*** Opening Excerpted records ***
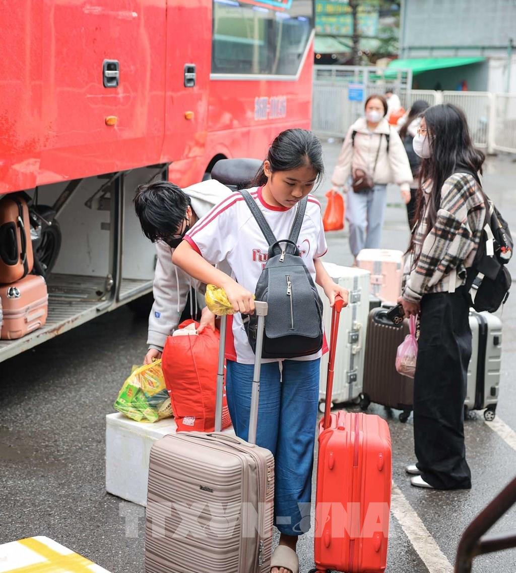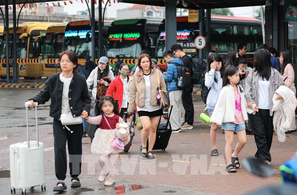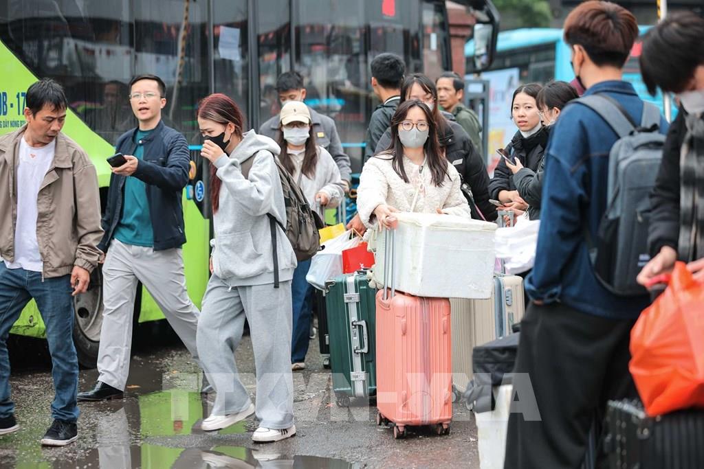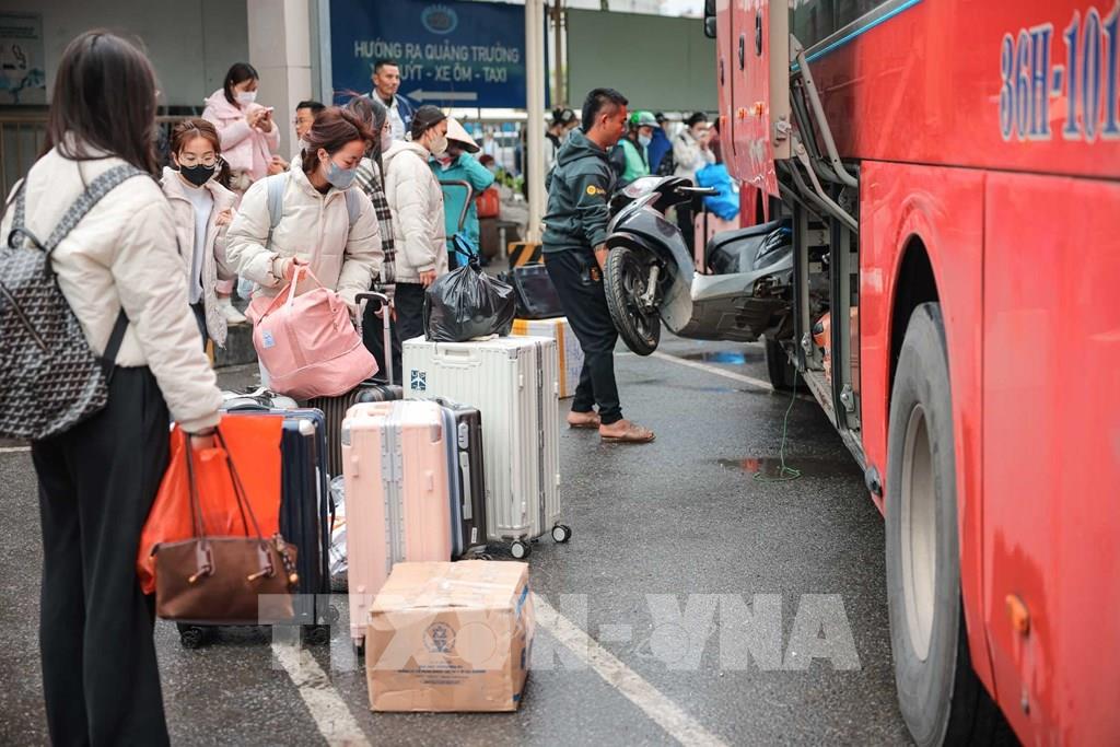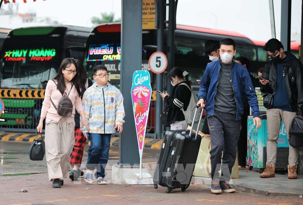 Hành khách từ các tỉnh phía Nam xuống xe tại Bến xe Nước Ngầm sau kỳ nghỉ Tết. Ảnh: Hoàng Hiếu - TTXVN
*** Closing Excerpted records ***
*** Opening Excerpted records ***
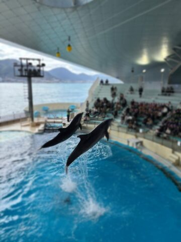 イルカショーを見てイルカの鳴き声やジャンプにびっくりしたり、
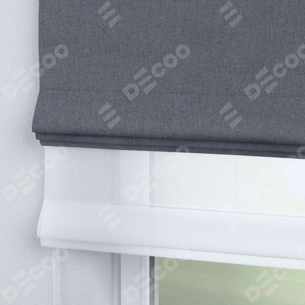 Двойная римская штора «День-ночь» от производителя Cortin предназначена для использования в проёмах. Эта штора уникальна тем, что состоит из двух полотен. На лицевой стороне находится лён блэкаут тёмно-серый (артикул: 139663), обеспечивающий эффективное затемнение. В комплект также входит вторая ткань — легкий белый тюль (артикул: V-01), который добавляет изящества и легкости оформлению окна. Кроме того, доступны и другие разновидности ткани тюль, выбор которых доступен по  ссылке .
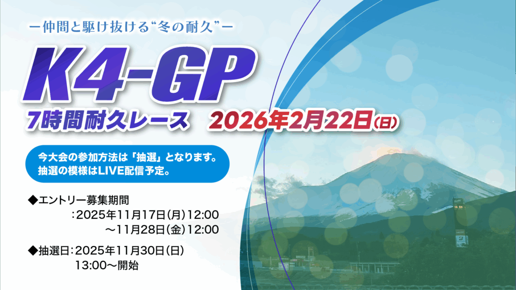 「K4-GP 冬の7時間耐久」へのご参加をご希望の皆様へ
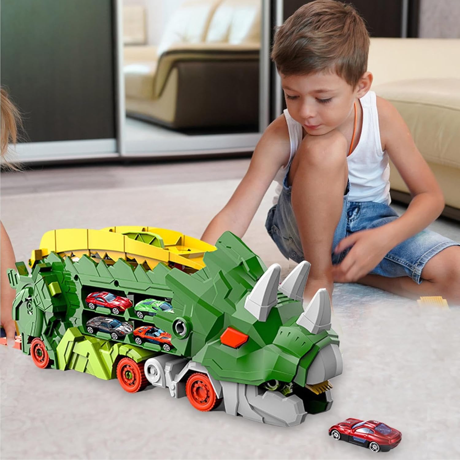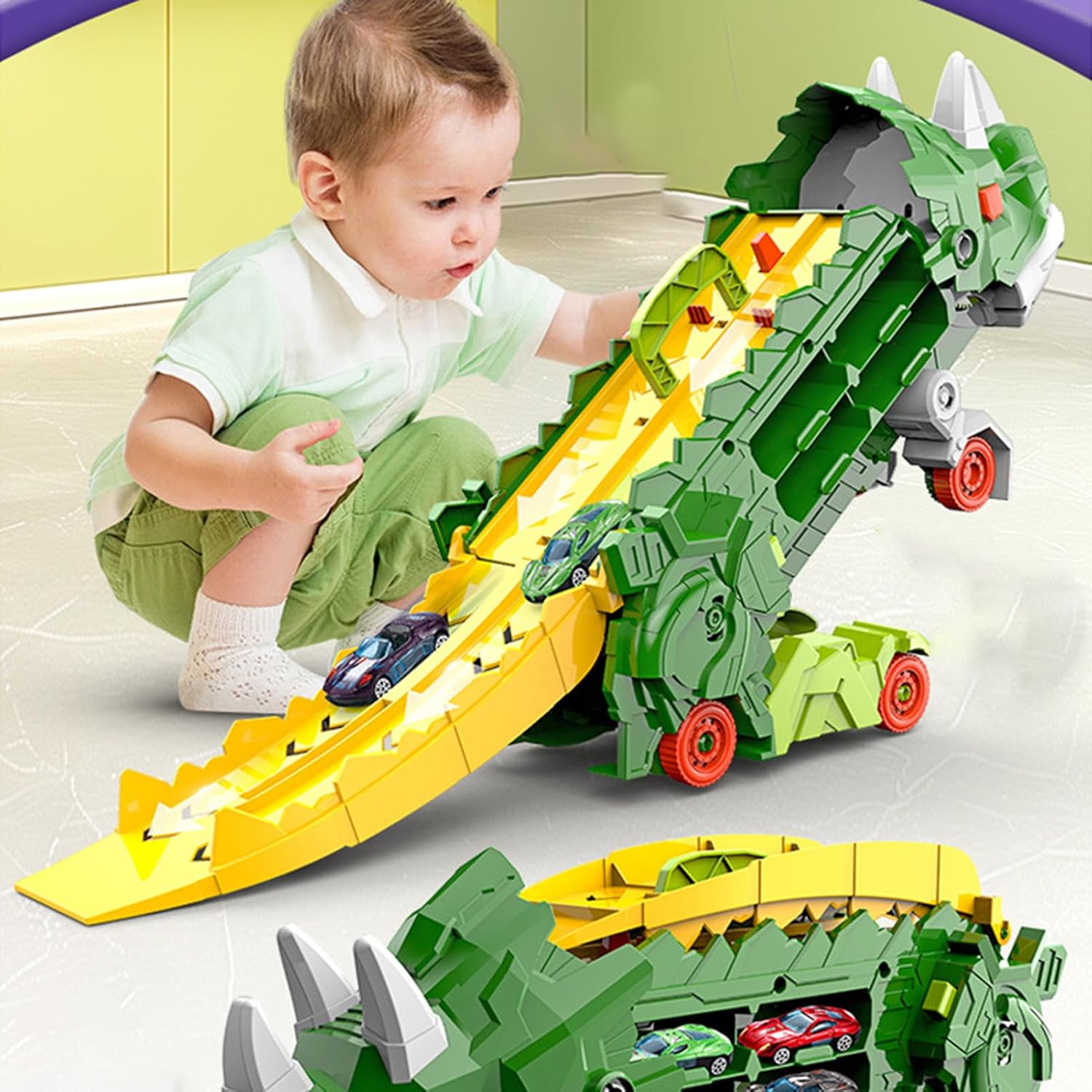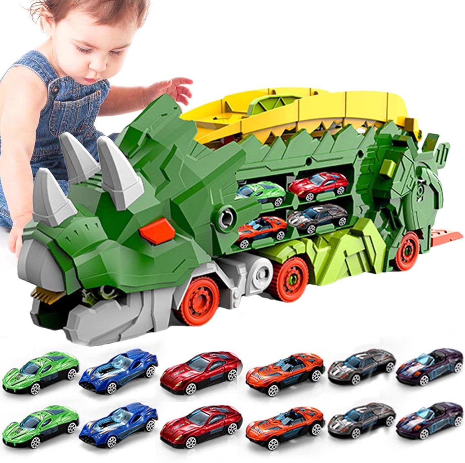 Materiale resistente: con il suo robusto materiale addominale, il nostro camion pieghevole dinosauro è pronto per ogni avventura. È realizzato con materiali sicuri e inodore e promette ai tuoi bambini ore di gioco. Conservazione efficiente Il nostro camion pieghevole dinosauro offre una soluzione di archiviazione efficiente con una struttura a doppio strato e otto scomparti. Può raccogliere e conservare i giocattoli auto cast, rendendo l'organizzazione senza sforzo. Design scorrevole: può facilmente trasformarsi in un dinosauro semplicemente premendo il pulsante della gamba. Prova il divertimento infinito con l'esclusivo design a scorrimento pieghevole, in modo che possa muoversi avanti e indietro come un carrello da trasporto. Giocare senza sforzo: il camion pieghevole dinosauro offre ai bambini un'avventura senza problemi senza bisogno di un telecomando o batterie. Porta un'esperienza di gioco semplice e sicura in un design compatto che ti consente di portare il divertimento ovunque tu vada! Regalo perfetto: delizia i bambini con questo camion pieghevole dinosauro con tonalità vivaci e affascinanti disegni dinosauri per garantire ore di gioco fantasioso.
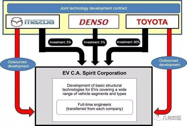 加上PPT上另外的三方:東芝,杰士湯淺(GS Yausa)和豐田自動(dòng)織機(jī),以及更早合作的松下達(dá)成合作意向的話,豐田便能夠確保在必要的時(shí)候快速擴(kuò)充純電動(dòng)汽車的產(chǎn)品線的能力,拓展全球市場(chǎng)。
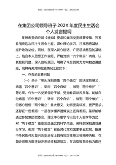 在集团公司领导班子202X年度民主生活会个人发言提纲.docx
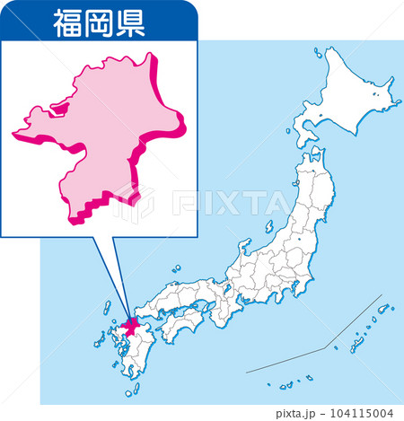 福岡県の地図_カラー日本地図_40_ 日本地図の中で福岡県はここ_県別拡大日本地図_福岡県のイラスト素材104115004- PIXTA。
*** Closing Excerpted records ***
*** Opening Excerpted records ***
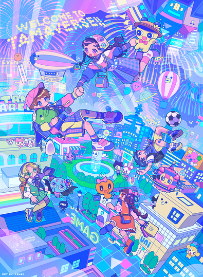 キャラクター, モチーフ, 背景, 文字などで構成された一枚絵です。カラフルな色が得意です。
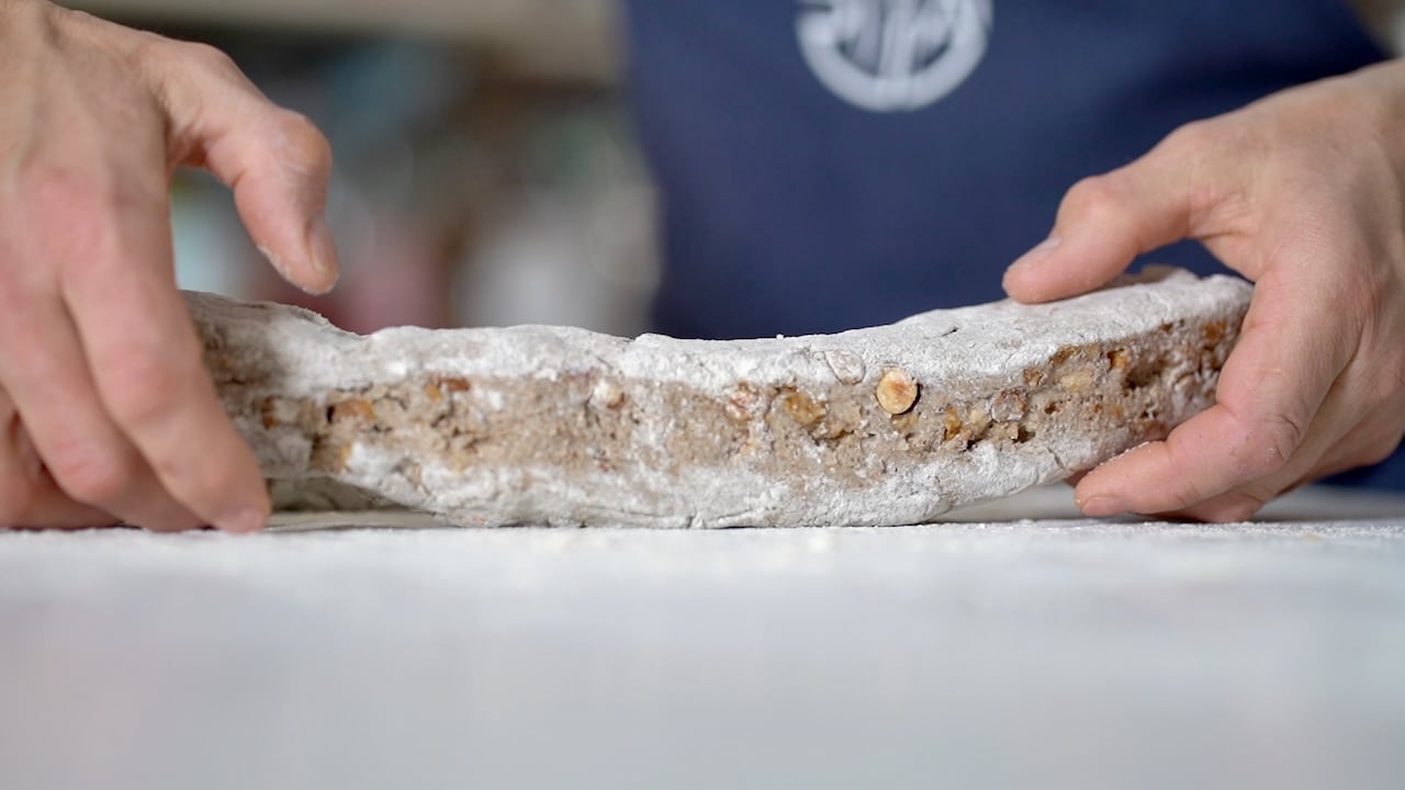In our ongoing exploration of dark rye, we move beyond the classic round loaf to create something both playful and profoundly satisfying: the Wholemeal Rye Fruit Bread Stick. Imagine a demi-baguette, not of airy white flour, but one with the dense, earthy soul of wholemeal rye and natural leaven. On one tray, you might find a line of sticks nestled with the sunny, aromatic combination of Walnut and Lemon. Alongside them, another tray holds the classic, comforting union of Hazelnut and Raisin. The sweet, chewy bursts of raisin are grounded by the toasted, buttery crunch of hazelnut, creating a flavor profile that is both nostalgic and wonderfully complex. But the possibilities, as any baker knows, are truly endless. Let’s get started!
*** Closing Excerpted records ***
* **Work to complete**:
Above are records with pictures. Reproduce exactly only the lines from the line with "キャラクター, モチーフ, 背景, 文字などで構成された一枚絵です。カラフルな色が得意です。" through the line with "In our ongoing", both ends included, and leave the pictures out.

* **Answer**:
 キャラクター, モチーフ, 背景, 文字などで構成された一枚絵です。カラフルな色が得意です。
In our ongoing exploration of dark rye, we move beyond the classic round loaf to create something both playful and profoundly satisfying: the Wholemeal Rye Fruit Bread Stick. Imagine a demi-baguette, not of airy white flour, but one with the dense, earthy soul of wholemeal rye and natural leaven. On one tray, you might find a line of sticks nestled with the sunny, aromatic combination of Walnut and Lemon. Alongside them, another tray holds the classic, comforting union of Hazelnut and Raisin. The sweet, chewy bursts of raisin are grounded by the toasted, buttery crunch of hazelnut, creating a flavor profile that is both nostalgic and wonderfully complex. But the possibilities, as any baker knows, are truly endless. Let’s get started!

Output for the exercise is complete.